What if I did not choose to come to this school? Would my future really be changed? Would I do something in the future that will lead me back to my orbit? As another example, if I did not come to the United States and I could not meet my friends, is it possible that we would meet in the future at some point and become friends anyway? I believe that if I did not meet my friends now, I will still meet them and become friends. Therefore, fate confuses me, because I kind of believe in it but I cannot support my idea at all. On the other hand, if human fate has been calculated already, there is no purpose for us to live, because we could tell the ending. Therefore, fate is a strange path because we do not know where it is going to take us.

Rewina Bedemariam ‘13, Addis Ababa, Ethiopia:

I was raised in an Eastern Orthodox family. When I was a little girl, my mom would take me to church and she would tell me to pray and thank God for what he had blessed me with. She would tell me stories about the angels and saints that were sent from the heavens and the mystical and supernatural things they had shown the people. Even though it sounded bizarre to me, I believed her. I saw no sense of doubt on her part, but most of all she was my mother so I just had to accept what she had told me.

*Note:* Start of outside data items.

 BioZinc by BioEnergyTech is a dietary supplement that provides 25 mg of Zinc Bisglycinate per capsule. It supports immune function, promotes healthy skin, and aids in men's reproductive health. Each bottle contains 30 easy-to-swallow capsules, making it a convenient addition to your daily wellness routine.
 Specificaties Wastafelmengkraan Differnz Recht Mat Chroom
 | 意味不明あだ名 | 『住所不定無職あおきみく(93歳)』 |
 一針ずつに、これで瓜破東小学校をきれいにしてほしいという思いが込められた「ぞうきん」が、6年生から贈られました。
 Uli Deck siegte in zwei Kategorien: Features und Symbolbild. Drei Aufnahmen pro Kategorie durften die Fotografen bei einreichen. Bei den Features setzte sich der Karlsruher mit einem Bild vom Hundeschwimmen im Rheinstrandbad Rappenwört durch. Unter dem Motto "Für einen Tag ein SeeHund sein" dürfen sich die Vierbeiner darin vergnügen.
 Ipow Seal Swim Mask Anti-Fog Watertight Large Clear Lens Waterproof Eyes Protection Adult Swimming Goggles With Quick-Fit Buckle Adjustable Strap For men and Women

During my pre-teen years, I went to a lot of churches, not only Orthodox churches but also Protestant churches, mosques, and so on. I wanted to discover what others believed and what their values were. But the more I attended churches and mosques, the more I understood that religions imposed laws and rules which are impossible follow. It almost seemed like their followers were expected to be perfect and not make mistakes. Churches tell people what to do and what not to do in order to be accepted by God or to have eternal salvation in heaven. Churches also are man-made inventions and interpretations of the Holy Bible have changed a lot, from the Constantinople to Martin Luther. There have been divisions among churches, creating even more religions and rituals. Churches ask a lot of money from the common people to build fancy churches but have a hard time feeding the poor.

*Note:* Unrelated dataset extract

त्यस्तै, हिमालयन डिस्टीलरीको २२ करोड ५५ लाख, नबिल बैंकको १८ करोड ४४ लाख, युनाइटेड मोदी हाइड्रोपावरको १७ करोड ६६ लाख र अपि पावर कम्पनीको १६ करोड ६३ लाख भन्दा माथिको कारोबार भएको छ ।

We don’t need churches or temples. Any person is capable of talking to god wherever and whenever. It doesn’t have to be in a church. The rules and laws that churches impose make people feel like they are slaves to the creator, but we are all god’s children and he is accepting and loving no matter what kind of a person we are.

Rachel King ‘13, Burlington, Vermont:

Throughout my childhood, whenever I had a question, I would turn to my grandmother. I vividly recall asking her what she thought of God. She answered me with the most clear answer I had ever received on the subject: God is love. Finally, this complex concept was making sense to me.

As I became more knowledgeable about the world around me and my purpose as a person, I was able to see how my grandmother practiced her belief in love, which influenced me in such a positive manner. I would see her strike up conversations with people that usually seemed to fade into the background. She picked people to talk to whom others seemed to ignore. She would leave them smiling, laughing, feeling more a part of the world. Some would call it simply being kind, but I know for certainty that it was so much deeper. This was her showing her love for the people around her. This was just one small act, but I can guarantee it made a lasting impact.

There are many forms of love: love of a person, a hobby, or a place. As time continued to pass and I matured, I was able to see all of these forms of love displayed in her. It was how she treated her family, her husband of over 50 years, her interests and passions. It drove her and made her who she was. I realized that this was also how I was and strived to be, devoted to dedicating a portion myself to something beyond me. Love is about finding balance with who you are and how you act as one of the billion people on this earth. Love provides the best path for finding yourself and bringing people together.

Enjoy these excerpts from the students’ essays and use them as an opportunity to consider the questions yourself. What do you believe are the big truths of the universe? What is your purpose in life?